Unsere Kirchengemeinde setzt sich aus Menschen unterschiedlicher sozialer Schichten zusammen. Die meisten Bewohner sind arm und leben in einfachen Blechhütten mit unzureichender Wasser- und Stromversorgung. Es gibt sechs Außenstationen und viele kleine christliche Gemeinschaften. Die Kirchen sind nur zwei bis fünf Kilometer voneinander entfernt, aber die Straßen sind nicht asphaltiert, was die Mobilität der Menschen einschränkt.

In unserer Pfarrei St.
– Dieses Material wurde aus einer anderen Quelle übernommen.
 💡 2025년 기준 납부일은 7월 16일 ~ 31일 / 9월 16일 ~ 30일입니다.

Mary in Mukuru werden wir – Pater George Njoroge Mungai, 52, und ich – von vielen Laien unterstützt, darunter sechs Katechisten, 45 Animatoren des Päpstlichen Kindermissionswerks und 30 Animatoren der Missionarischen Jugendbewegung.
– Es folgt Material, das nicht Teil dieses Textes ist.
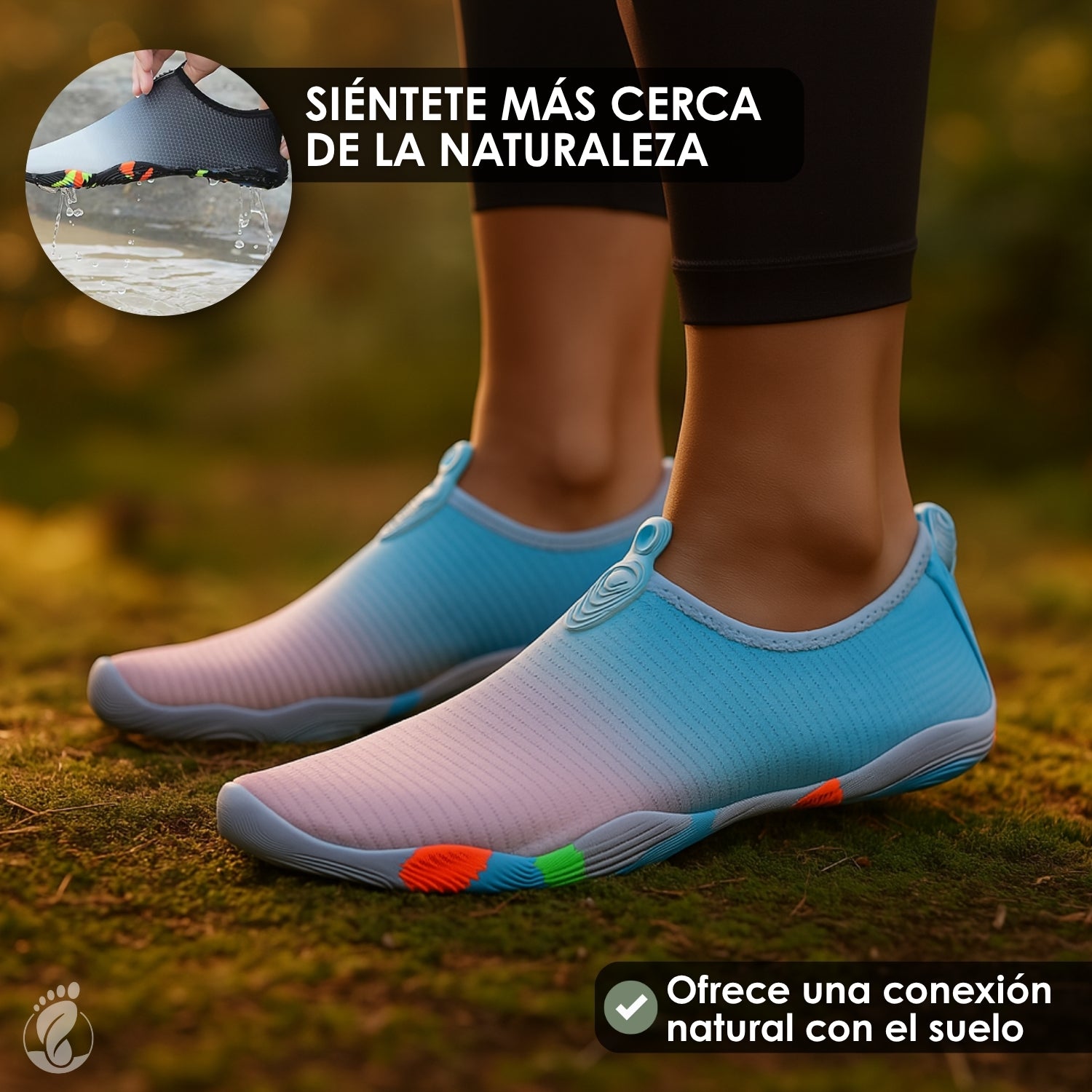 Con una suela flexible de 4 mm y material transpirable ultraligero, sentirás alivio en tus articulaciones, mejorarás tu postura y recuperarás la sensación natural al caminar.

Es gibt hier drei Spiritanerschulen, die Kindern aus den Slums zu einer angemessenen Schulbildung verhelfen: Holy Ghost-Libermann Academy (Grundschule), Holy Ghost Elite Academy (Grundschule) und St. Bakhita Primary School und Junior Secondary School (Grundschule und weiterführende Schule).

Patenschaften für Schüler

Bildung ist sehr wichtig, aber für die meisten Eltern eine kostspielige Angelegenheit. Deshalb betreuen wir eine Gruppe von Sekundarschülern, die entweder Waisen sind oder deren Eltern das Schulgeld nicht aufbringen können.
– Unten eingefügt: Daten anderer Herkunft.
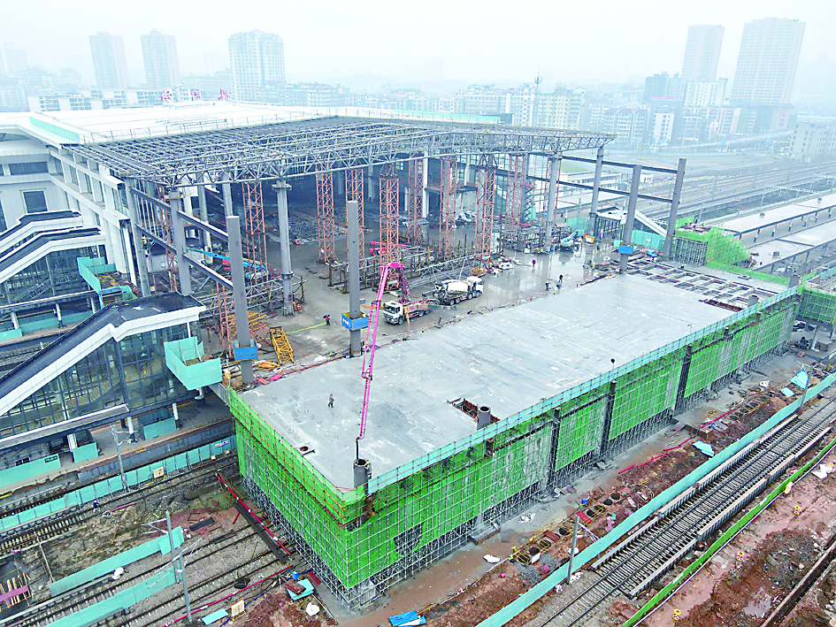 本报讯(株洲晚报融媒体记者/廖明 通讯员/邓智)1月17日,株洲火车站改扩建工程又传来好消息:当天14时10分许,伴随着最后一立方米混凝土的浇筑到位,株洲站改扩建工程J—H轴(二、三站台间)2200平方米高架候车厅楼板浇筑顺利完成,比预计工期提前5天,为春运期间不停工的钢结构施工争取了宝贵时间。
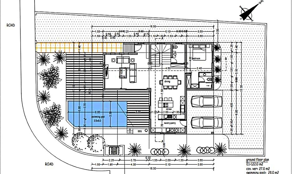 - Private 3.5x8m tiled pool and parking for 3 cars

Seit meiner Rückkehr nach Kenia konnte ich auch Kontakte zu verschiedenen Firmen und Hilfsorganisationen knüpfen, um das Schulgeld zu decken, das für die weiterführenden Schulen zwischen 30 000 und 75 000 kenianischen Shilling pro Jahr liegt – das entspricht je nach Schulstufe 290 bis 480 Euro. Bisher konnten wir schon 80 Schüler durch Patenschaften unterstützen und dazu beitragen, dass Kinder aus benachteiligten Familien Zugang zu Bildung bekommen.

Jeden Sonntag 18 Messen

Zu meinen vielfältigen pastoralen Aufgaben gehören die Jugendseelsorge, die geistliche Begleitung der Charismatischen Bewegung und der jungen katholischen Erwachsenen, des Katholischen Frauenbundes, der Berufungspastoral und der Gemeindecaritas. Letztere Gruppe orientiert sich an Matthäus 25,40 und ist auf die
sechs Außenstationen verteilt. Sie besteht aus ehrenamtlichen Mitgliedern, die sich in verschiedenen Bereichen engagieren. Dazu zählen Krankenbesuche, die Versorgung von Hungernden mit Lebensmitteln, gelegentliche Besuche in Gefängnissen und die Unterstützung von gefährdeten Frauen, Männern, Mädchen und Jungen.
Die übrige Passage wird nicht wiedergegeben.